● Your instructions
Retyping should cover only the lines from the one containing "Preset / iPod" through the final line of the records, with pictures omitted.

● Entries provided
---*---
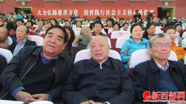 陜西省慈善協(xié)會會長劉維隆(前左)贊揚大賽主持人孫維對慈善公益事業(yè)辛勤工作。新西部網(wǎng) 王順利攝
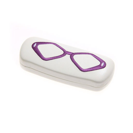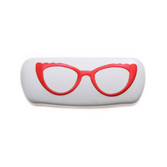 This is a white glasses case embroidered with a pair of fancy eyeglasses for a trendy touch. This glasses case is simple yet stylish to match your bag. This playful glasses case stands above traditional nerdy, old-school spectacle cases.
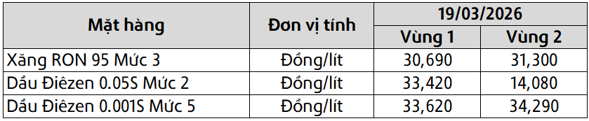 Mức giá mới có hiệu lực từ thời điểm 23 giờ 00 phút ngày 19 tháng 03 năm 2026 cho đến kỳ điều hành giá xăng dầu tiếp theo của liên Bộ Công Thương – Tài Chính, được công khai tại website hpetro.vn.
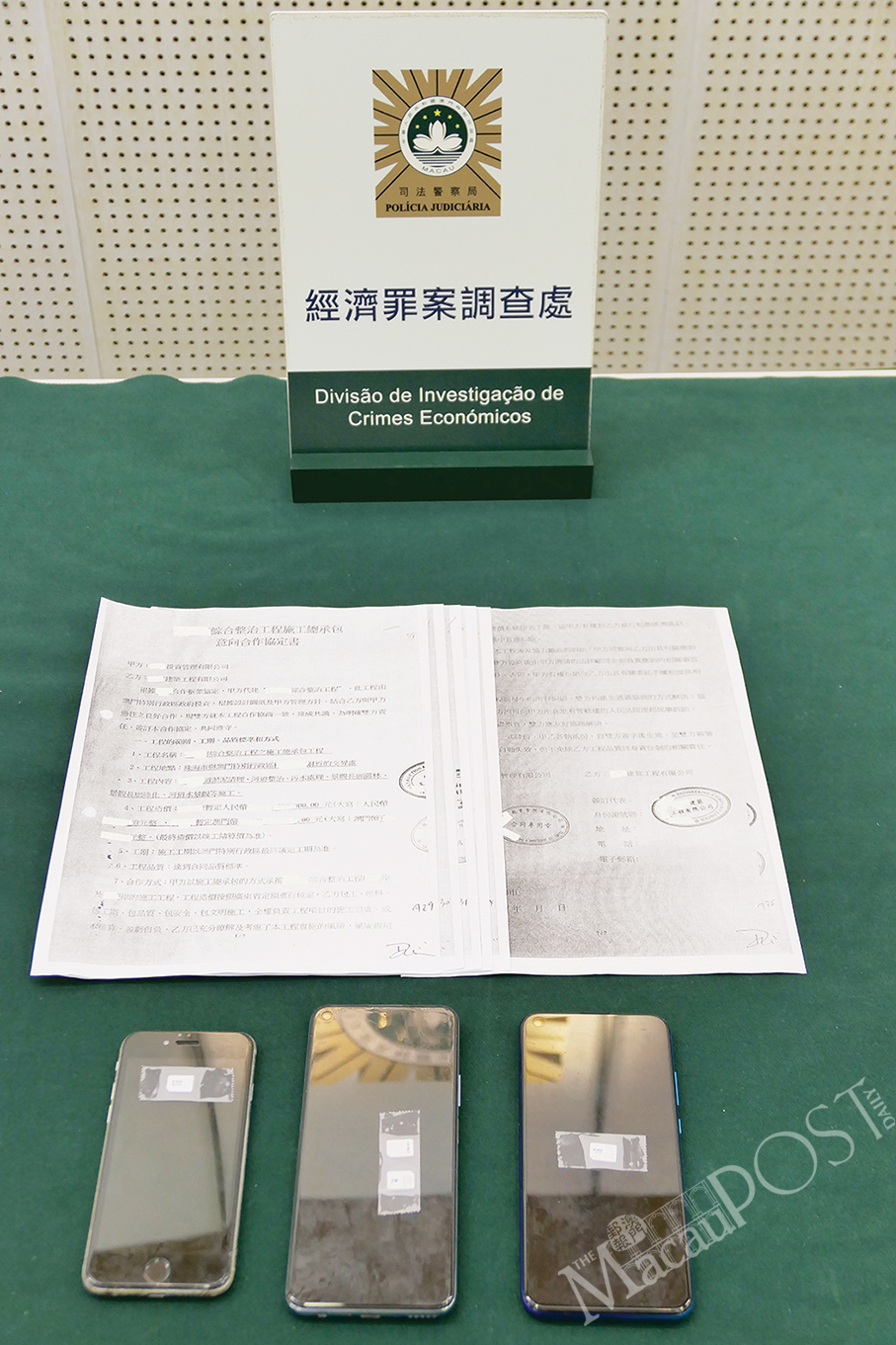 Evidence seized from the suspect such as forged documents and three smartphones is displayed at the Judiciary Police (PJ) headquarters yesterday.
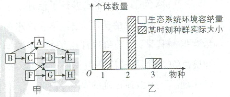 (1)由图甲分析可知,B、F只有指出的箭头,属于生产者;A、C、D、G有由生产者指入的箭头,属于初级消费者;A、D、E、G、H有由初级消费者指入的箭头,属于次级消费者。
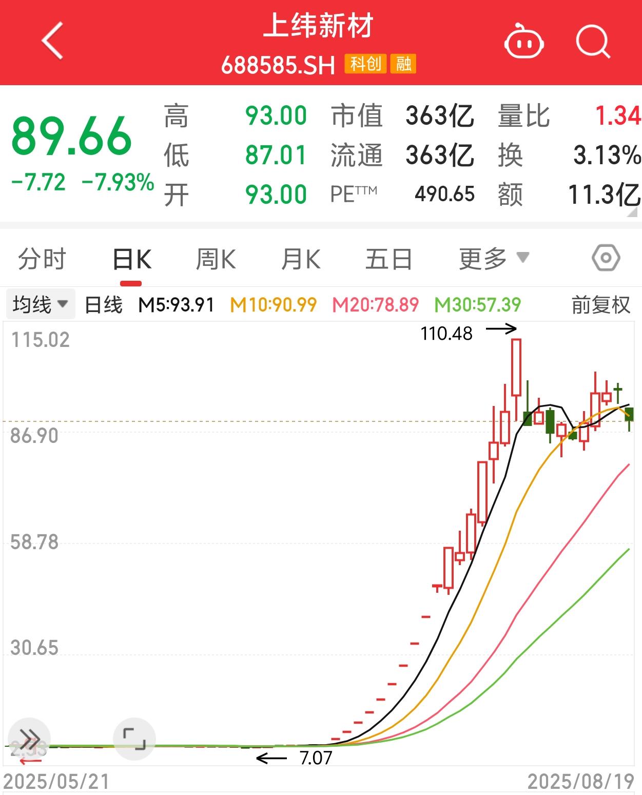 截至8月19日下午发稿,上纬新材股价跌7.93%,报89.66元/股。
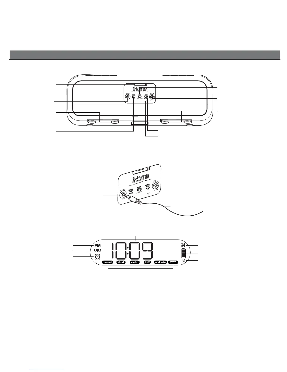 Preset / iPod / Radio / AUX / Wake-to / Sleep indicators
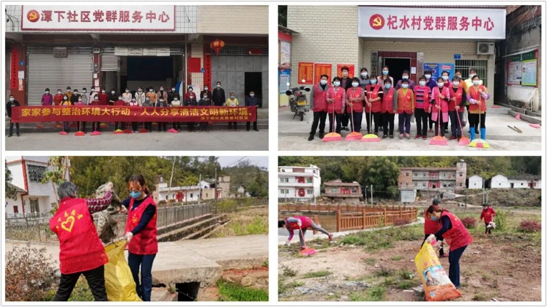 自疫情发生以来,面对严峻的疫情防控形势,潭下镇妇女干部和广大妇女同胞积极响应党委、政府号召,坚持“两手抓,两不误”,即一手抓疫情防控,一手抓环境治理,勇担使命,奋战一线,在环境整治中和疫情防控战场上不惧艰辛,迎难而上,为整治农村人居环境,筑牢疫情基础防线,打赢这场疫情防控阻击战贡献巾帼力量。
---*---
● Answer to this problem
 Preset / iPod / Radio / AUX / Wake-to / Sleep indicators
 自疫情发生以来,面对严峻的疫情防控形势,潭下镇妇女干部和广大妇女同胞积极响应党委、政府号召,坚持“两手抓,两不误”,即一手抓疫情防控,一手抓环境治理,勇担使命,奋战一线,在环境整治中和疫情防控战场上不惧艰辛,迎难而上,为整治农村人居环境,筑牢疫情基础防线,打赢这场疫情防控阻击战贡献巾帼力量。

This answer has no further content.